The most successful leaders will be those who have a global perspective. This has always been a global industry. Think about it: from queuing formulas developed in Denmark (Erlang B and C), to process improvement tools created in Italy (pareto chart) and Japan (cause and effect diagram), to, well, even the Arabic numeral system (1,2,3) used throughout the world!
There have been so many times I've wished I could literally put in a bottle the innovations, insights and solutions I've seen and learned from contact centre managers around the world, and share them with others. So often, "global news" is focused primarily on outsourcing services, suppliers opening an office in Timbuktu, or XYZ Co. expanding into a new region. And those stories have a place. But there's a much more significant story to be told -- how deeper customer management developments across the world are impacting virtually every organisation in today's communications-driven economy, even those with relatively small or local customer bases.
According to ICMI, there are now an estimated 18 million agents and 1.5 million managers (including managers, supervisors and analysts) working in customer contact operations worldwide. Organisations across the globe are spending an estimated U.S. $485 billion annually to run their centres. And growth in call centre seats continues at a healthy clip: up to 5% in developed regions and over 15% in developing regions. Any way you slice it, call centres (a.k.a. customer contact centres, help desks) have become a major economic force.
Beyond these numbers, there are two trends that are significantly shaping our global profession. First, customer contact operations are becoming increasingly complex to operate, for several reasons:
- More empowered, demanding customers. The proliferation of mobile and broadband services, Internet-based information, sophisticated search tools and ever-changing cultural expectations have created a better-informed, more empowered and more savvy customer base.
- Increasingly complex contacts. Automated services -- Web-based, speech, kiosks, et al. -- are offloading more straightforward or defined contacts, leaving agents with more difficult transactions. Of course, these capabilities are also creating new types of services and contacts.

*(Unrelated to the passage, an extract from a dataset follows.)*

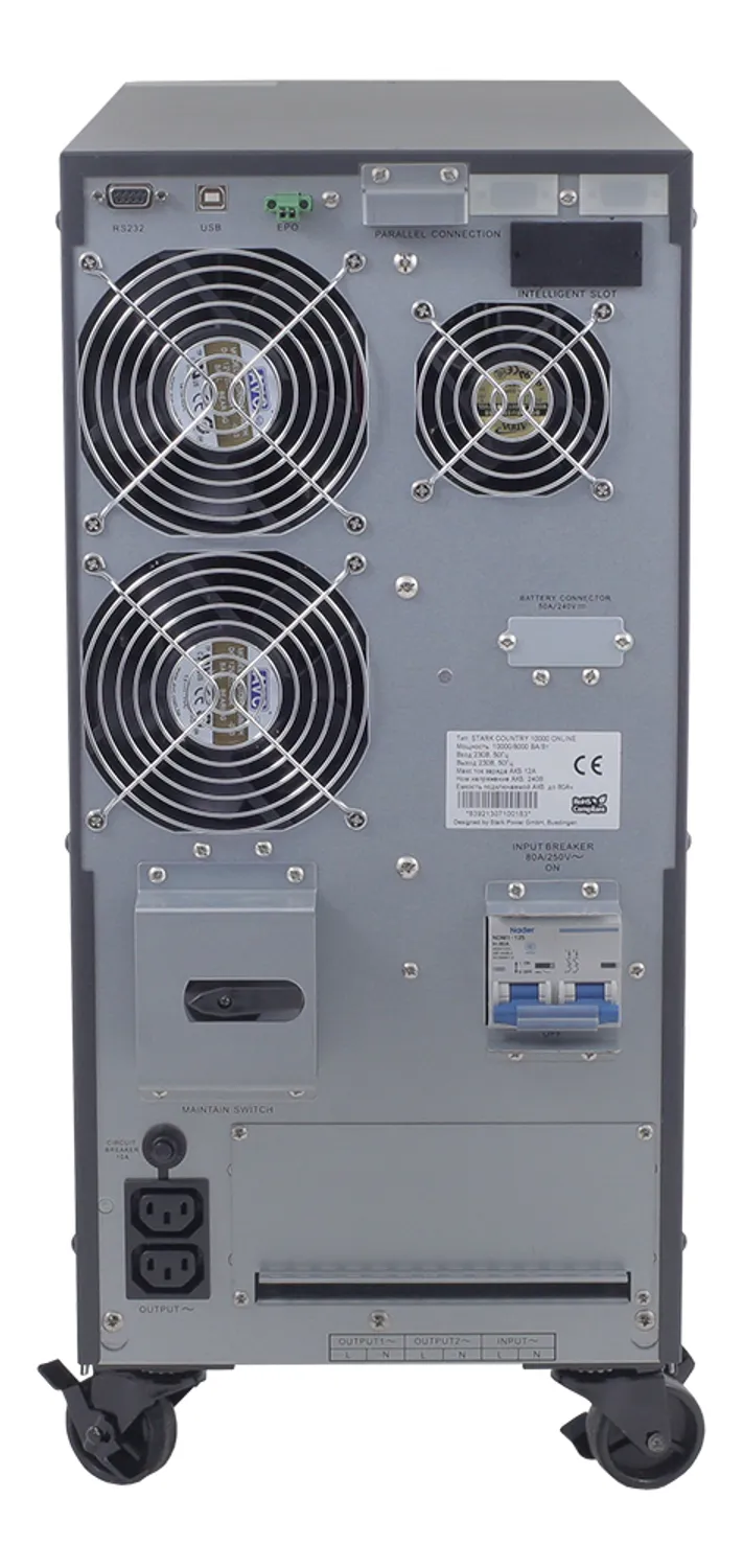 ИБП Stark Country 6000 Online, 4А работают по принципу двойного преобразования. Стабилизация выходного напряжения, возможность параллельного соединения для увеличения суммарной мощности, чистая фаза на выходе позволяют использовать их для защиты отопительных котлов, скважных насосов, медицинского оборудования, станков с ЧПУ, цифровой техники и пр.

- Significant organisational change. Many organisations are wisely restructuring so that all channels of contact with customers -- Web, phone, email, mobile services, VoIP -- are developed and managed under the same umbrella. This is causing enormous organisational changes that involve IT, marketing, HR, and virtually every other department.
A second and even more significant global trend is that customer contact services are more important than ever. Sure, many organisations still don't "get it" -- they still see the call centre as a necessary cost and are primarily focused on efficiencies. But more all the time are seeing the strategic power of these services. They know that contact after contact, day after day, the centre is capturing information that can literally transform the organisation—intelligence that helps other departments improve quality, further research and development, focus marketing campaigns, detect potential legal or publicity problems, and provide input on how to improve self-service systems.
This is an important and exciting time of development in our profession. I often hear various pundits and observers talk about how advanced the call centre industry is today. I believe we're just getting started -- I believe we're going to see more development and change in the next five to seven years than we've seen in the last three decades.